Personal information
- Date of birth: 29 March 1955 (age 70)
- Place of birth: Shiraz, Imperial Iran
- Position(s): Midfielder

Youth career
- 1967–1969: Bargh Shiraz

Senior career*
- Years: Team / Apps / (Gls)
- 1969–1992: Bargh Shiraz

International career
- 1973–1974: Iran U19

Managerial career
- 1995: Bargh Shiraz
- 1998: Bargh Shiraz
- 1999–2009: Fajr Sepasi
- 2009–2010: Iran U-23
- 2011: Sanat Naft
- 2012: Aboomoslem
- 2013: Fajr Sepasi
- 2016–2017: Fajr Sepasi

= Gholam Hossein Peyrovani =

Iranian footballer (born 1955)

Gholam Hossein Peyrovani (غلامحسین پيروانی, born 29 March 1955, in Shiraz, Iran) is a former Iranian football player and now manager.

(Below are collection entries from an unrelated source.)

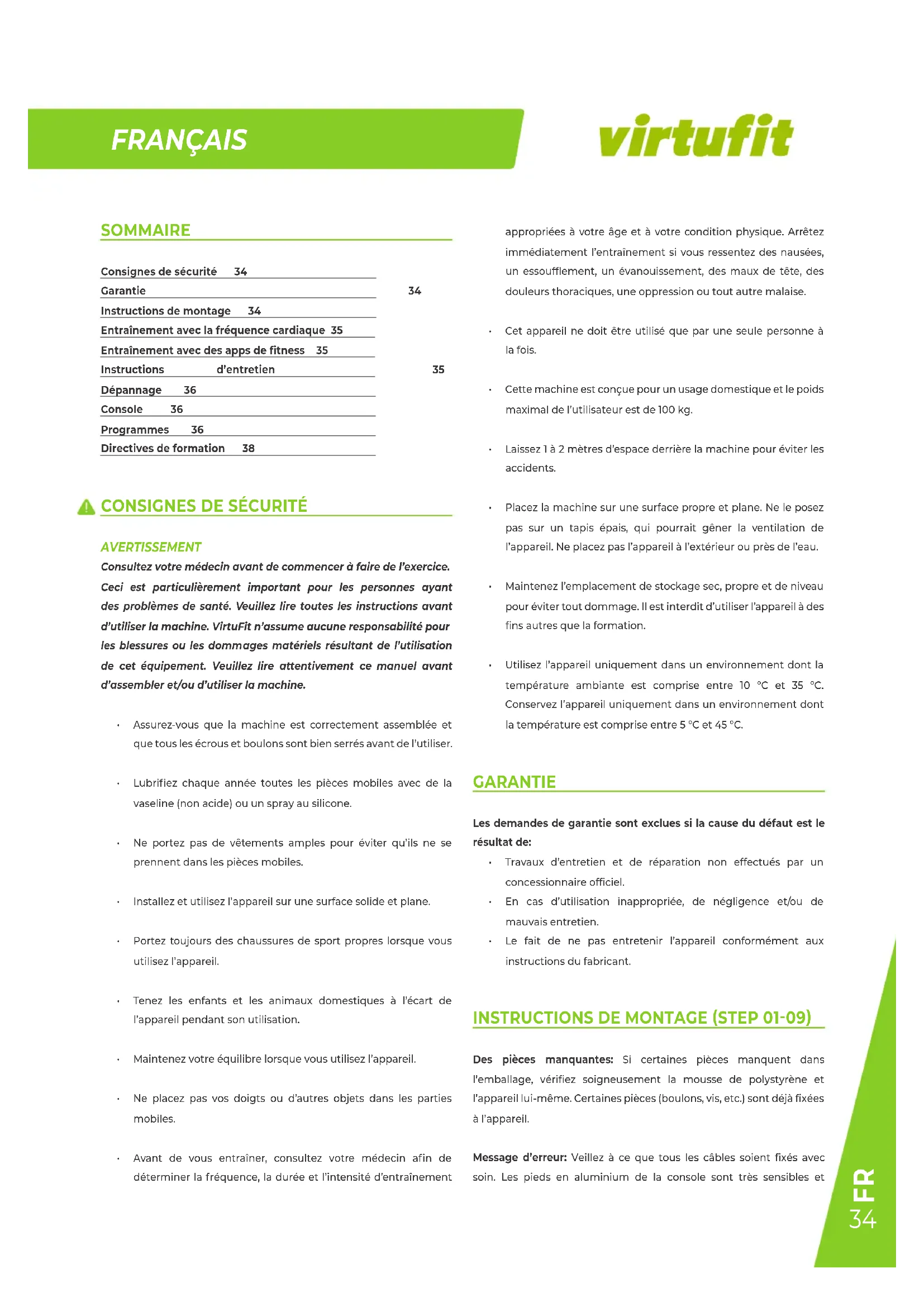 AVERTISSEMENT Consultez votre médecin avant de commencer à faire de l’exercice. Ceci est particulièrement important pour les personnes ayant des problèmes de santé. Veuillez lire toutes les instructions avant d’utiliser la machine. VirtuFit n’assume aucune responsabilité pour les blessures ou les dommages matériels résultant de l’utilisation de cet équipement. Veuillez lire attentivement ce manuel avant d’assembler et/ou d’utiliser la machine.
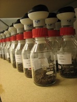 The collected soil samples are analysed for glucose induced respiration rates. An appropiate amount of glucose is mixed with the samples and incubated in closed vessels. To calculate oxygen consumption and carbon dioxide release, the pressure decrease in the reaction vessels is measured up to 24 consecutive hours.
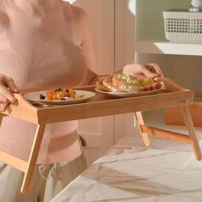 Bandeja Cama Com Pé Retangular Em Bambu Sense 50x30cm Ou -
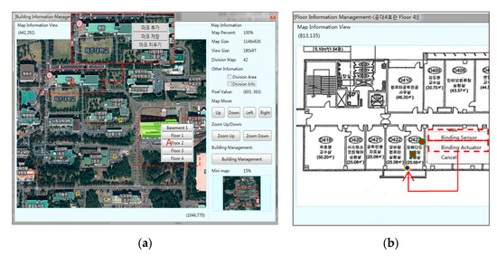 Figure 12 shows the geo-sensor composite toolbox execution screen for building information management (Figure 12a) and floor information management (Figure 12b). The composition toolbox enables services for making changes, such as the addition of new sensors network, deletion of sensor or map data, or updating of sensor or map data. Figure 12a shows the building information management screen where the client can get overall building information, such as building map information or the building’s floor information. In order to navigate to a particular floor, the client would select the floor number from the building map, as shown in the highlighted region A in Figure 12a. After selecting the floor number, the client would navigate to the floor information management, as shown in Figure 12b. Within floor information management is detailed room-wise floor information along with available sensors in each room. Upon clicking a room, the client would get the option to bind a sensor onto the selected location. On clicking the binding sensor option, the client would navigate to the execution screen shown in Figure 12c. The client can bind a new sensor at the selected spot or delete/update an existing one.

He was the coach of the Iran national under-23 football team from 2009 to 2010. He is also the older brother of former Persepolis and Iranian national team player, Afshin Peyrovani, and Amir Hossein Peyrovani.

==Playing career==

===Club career===
In 1969, at the age of 15, Peyrovani joined Shiraz's most popular team, Bargh Shiraz. His father was a big fan of the team as well, and helped the team financially. He quickly established a spot for himself in the team, and eventually became the starting libero. Peyrovani attracted the attention of many and in 1976 was named the best libero of the Takht Jamshid Cup by Donyaye Varzesh (World Of Sports) magazine. He played 25 years for Bargh Shiraz and retired at the age of 40 from competitive football.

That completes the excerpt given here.